(Records for the exercise)

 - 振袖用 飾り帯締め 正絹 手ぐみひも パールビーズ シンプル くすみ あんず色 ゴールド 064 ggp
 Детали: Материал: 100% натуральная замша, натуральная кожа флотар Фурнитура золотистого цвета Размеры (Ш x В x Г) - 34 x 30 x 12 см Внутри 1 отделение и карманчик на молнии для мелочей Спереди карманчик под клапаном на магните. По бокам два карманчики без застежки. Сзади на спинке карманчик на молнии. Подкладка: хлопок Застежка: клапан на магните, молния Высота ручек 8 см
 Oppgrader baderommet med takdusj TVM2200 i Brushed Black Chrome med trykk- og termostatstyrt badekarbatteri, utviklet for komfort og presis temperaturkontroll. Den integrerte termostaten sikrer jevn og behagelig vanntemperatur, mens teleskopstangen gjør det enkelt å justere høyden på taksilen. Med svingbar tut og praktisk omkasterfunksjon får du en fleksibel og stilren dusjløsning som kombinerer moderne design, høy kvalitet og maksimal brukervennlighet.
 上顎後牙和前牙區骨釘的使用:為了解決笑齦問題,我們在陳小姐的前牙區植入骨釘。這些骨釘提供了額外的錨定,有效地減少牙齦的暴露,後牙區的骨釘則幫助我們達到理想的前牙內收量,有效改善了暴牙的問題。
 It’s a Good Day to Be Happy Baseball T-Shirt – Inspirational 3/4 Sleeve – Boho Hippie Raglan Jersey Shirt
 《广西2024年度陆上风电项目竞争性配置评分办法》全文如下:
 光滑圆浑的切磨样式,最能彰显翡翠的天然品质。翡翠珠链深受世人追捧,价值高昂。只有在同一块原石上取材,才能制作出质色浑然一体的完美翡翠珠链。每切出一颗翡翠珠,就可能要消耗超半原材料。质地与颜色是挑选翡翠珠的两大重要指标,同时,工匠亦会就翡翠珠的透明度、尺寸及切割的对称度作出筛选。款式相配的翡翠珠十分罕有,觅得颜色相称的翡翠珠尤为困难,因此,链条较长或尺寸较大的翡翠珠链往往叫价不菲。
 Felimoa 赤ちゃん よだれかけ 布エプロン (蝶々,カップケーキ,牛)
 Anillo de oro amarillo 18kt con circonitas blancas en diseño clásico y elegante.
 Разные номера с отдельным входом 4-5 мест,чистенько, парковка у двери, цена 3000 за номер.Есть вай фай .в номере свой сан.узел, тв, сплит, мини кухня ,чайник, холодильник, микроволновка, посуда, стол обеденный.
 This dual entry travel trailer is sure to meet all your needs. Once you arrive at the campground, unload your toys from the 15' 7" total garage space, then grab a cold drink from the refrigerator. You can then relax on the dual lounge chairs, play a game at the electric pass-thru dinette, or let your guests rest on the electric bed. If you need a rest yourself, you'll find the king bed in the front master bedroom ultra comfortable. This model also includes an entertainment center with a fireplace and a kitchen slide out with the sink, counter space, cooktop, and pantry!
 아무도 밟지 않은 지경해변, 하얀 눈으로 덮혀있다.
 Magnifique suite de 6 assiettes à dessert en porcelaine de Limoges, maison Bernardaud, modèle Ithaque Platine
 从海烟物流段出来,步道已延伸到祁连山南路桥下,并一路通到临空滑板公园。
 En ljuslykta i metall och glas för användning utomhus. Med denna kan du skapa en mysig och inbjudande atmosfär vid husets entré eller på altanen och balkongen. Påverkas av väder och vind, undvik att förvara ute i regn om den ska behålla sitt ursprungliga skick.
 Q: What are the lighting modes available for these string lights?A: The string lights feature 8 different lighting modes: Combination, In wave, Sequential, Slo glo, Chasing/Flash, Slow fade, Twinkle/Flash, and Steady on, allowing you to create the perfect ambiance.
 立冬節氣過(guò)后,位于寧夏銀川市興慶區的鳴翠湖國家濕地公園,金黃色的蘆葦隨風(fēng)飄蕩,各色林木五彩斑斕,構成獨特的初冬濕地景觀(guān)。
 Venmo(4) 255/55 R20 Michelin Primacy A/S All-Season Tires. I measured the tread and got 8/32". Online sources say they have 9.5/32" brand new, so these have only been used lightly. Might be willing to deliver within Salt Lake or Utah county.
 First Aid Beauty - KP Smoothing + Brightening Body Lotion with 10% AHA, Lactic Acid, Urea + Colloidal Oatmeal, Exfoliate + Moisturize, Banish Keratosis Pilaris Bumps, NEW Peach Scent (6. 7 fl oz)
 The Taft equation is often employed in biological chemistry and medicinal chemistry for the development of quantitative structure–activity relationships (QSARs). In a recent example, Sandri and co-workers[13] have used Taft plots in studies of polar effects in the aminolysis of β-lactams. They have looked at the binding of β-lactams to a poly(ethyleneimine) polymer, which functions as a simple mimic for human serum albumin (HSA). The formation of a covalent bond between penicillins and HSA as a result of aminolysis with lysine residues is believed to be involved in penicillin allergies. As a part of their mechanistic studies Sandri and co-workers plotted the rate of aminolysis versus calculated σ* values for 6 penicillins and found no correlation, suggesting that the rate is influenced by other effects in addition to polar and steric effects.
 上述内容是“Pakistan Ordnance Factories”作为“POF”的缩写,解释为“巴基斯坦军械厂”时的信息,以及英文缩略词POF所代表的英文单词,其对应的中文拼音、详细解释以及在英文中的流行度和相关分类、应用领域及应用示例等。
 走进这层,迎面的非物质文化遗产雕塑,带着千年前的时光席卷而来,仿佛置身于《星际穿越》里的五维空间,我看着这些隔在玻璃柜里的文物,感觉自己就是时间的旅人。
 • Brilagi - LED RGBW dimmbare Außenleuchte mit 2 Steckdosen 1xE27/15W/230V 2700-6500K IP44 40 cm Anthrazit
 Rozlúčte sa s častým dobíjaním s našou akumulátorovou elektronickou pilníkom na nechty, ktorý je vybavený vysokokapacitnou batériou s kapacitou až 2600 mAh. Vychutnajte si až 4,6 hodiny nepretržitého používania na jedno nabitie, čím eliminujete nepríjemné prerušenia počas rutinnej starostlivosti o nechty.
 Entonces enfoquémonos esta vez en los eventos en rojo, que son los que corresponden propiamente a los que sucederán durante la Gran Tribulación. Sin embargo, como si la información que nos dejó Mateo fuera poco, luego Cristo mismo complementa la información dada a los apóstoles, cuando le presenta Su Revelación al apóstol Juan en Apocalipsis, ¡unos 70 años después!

(End Records for the exercise)

* _Problem to solve_
From the line containing "First Aid Beauty" down to the last line of the records above, print every line exactly, with both ends kept.

* _Written answer_
 First Aid Beauty - KP Smoothing + Brightening Body Lotion with 10% AHA, Lactic Acid, Urea + Colloidal Oatmeal, Exfoliate + Moisturize, Banish Keratosis Pilaris Bumps, NEW Peach Scent (6. 7 fl oz)
 The Taft equation is often employed in biological chemistry and medicinal chemistry for the development of quantitative structure–activity relationships (QSARs). In a recent example, Sandri and co-workers[13] have used Taft plots in studies of polar effects in the aminolysis of β-lactams. They have looked at the binding of β-lactams to a poly(ethyleneimine) polymer, which functions as a simple mimic for human serum albumin (HSA). The formation of a covalent bond between penicillins and HSA as a result of aminolysis with lysine residues is believed to be involved in penicillin allergies. As a part of their mechanistic studies Sandri and co-workers plotted the rate of aminolysis versus calculated σ* values for 6 penicillins and found no correlation, suggesting that the rate is influenced by other effects in addition to polar and steric effects.
 上述内容是“Pakistan Ordnance Factories”作为“POF”的缩写,解释为“巴基斯坦军械厂”时的信息,以及英文缩略词POF所代表的英文单词,其对应的中文拼音、详细解释以及在英文中的流行度和相关分类、应用领域及应用示例等。
 走进这层,迎面的非物质文化遗产雕塑,带着千年前的时光席卷而来,仿佛置身于《星际穿越》里的五维空间,我看着这些隔在玻璃柜里的文物,感觉自己就是时间的旅人。
 • Brilagi - LED RGBW dimmbare Außenleuchte mit 2 Steckdosen 1xE27/15W/230V 2700-6500K IP44 40 cm Anthrazit
 Rozlúčte sa s častým dobíjaním s našou akumulátorovou elektronickou pilníkom na nechty, ktorý je vybavený vysokokapacitnou batériou s kapacitou až 2600 mAh. Vychutnajte si až 4,6 hodiny nepretržitého používania na jedno nabitie, čím eliminujete nepríjemné prerušenia počas rutinnej starostlivosti o nechty.
 Entonces enfoquémonos esta vez en los eventos en rojo, que son los que corresponden propiamente a los que sucederán durante la Gran Tribulación. Sin embargo, como si la información que nos dejó Mateo fuera poco, luego Cristo mismo complementa la información dada a los apóstoles, cuando le presenta Su Revelación al apóstol Juan en Apocalipsis, ¡unos 70 años después!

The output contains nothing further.